Human Rights Watch said it stands ready to work with the Government of T&T to help forge a path forward to resolve this detention crisis. O
“Our research has found that these Trinidadian conditions are so dire and so inhuman in many cases that they may even amount to torture,” Tayler said.
“Many Trini’s are seriously ill and need surgery or other advanced medical care that is simply not available in Northeast Syria, which if any of you are not aware is a complex war zone. A very, very dangerous place. Turkey carried out airstrikes in recent months and as we know there was an earthquake whose repercussions came perilously close to these camps and prisons. Foreign men and older teens are held in prisons that are often overcrowded and in some cases rife with diseases such as tuberculosis.”
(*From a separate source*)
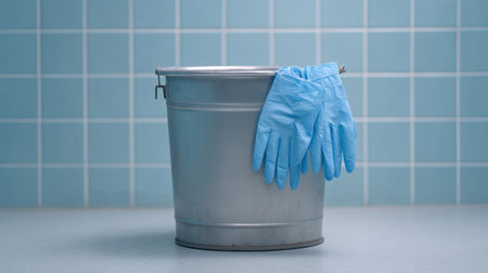 A pair of blue rubber gloves are placed on the edge of a shiny silver metal bucket, set against a light blue tiled background, perfect for cleaning and sanitation tasks.

At least 36 countries have repatriated some or many of their nationals from Northeast Syria. Repatriations have increased since October 2022 with at least ten countries, including Barbados, bringing back some or many of their nationals. Many repatriated children are successfully reintegrating into their home countries, Human Rights Watch research has found.
Since the arrival of the Human Rights Watch in T&T and the announcement of the report being released, The office of the Attorney General in a media release claimed the group advised him that they intended to release a report of their “findings on Trinidad and Tobago on Tuesday, February 28, 2023” and requested that he meet with them on either February 27 or March 1.
The AG had said it appeared “wholly impractical to request a meeting with me on the 27th of February with reference to a report already prepared and intended to be released on the 28th of February. It would not appear that there was an intention for the Government’s actions to date to have been included in that report.”
Jo Becker, Advocacy Director, Children’s Rights Division at Human Rights Watch responded to Attorney General Reginald Armour’s press statement. She said they wrote to the Minister of National Security in December of last year asking for information on the Government’s plans for repatriation so that they could reflect this information in their report.
“We followed up, but have received only the briefest of replies with no details about the Government’s plans. Earlier this month, we asked for meetings with the Ministries of National Security, Foreign Affairs, and Legal Affairs to discuss these issues, but so far they have not agreed to meet with us.”
She said their also includes the Government’s commitments.
Calls to Armour and National Security Minister Fitzgerald Hinds went unanswered.
These are excerpts from the T&T nationals in videos provided by Human Rights Watch:
“My father lied to me, he told me that we were going to Disneyland,” said a detained 17-year-old Trinidadian boy taken by his father to Syria in 2014. “It’s not my fault, it’s my father’s fault. I wish I never came here to Syria. I just want to come back home, you know.”
A 19-year-old Trinidadian youth said, “My dad told me I was going to go to a hotel in Egypt and swim in a pool. I was 11 years old. I only knew the names of countries like Trinidad and America.”
He was among about 30 foreign youths–older teens and young men–detained 23 hours a day in a cell in Alaya prison that was just big enough to fit all their mattresses on the floor. The youths had only one toilet and shower and the stench permeated the cell, he said.
Three Trinidadians who went to Syria as adults said they thought they were going to a Muslim utopia, only to learn once they arrived that ISIS would not let them leave.
“This is a nightmare I cannot wake up from,” said a detained Trinidadian woman, adding that she was willing to serve prison time in Trinidad if she and her family were allowed to come home.
“As Muslims, we wanted to experience the Islamic State like Christians want to visit Jerusalem,” said the woman, one of nine members of the same family detained in Northeast Syria. “It was so easy to get to Syria… But then we found there was no way out.”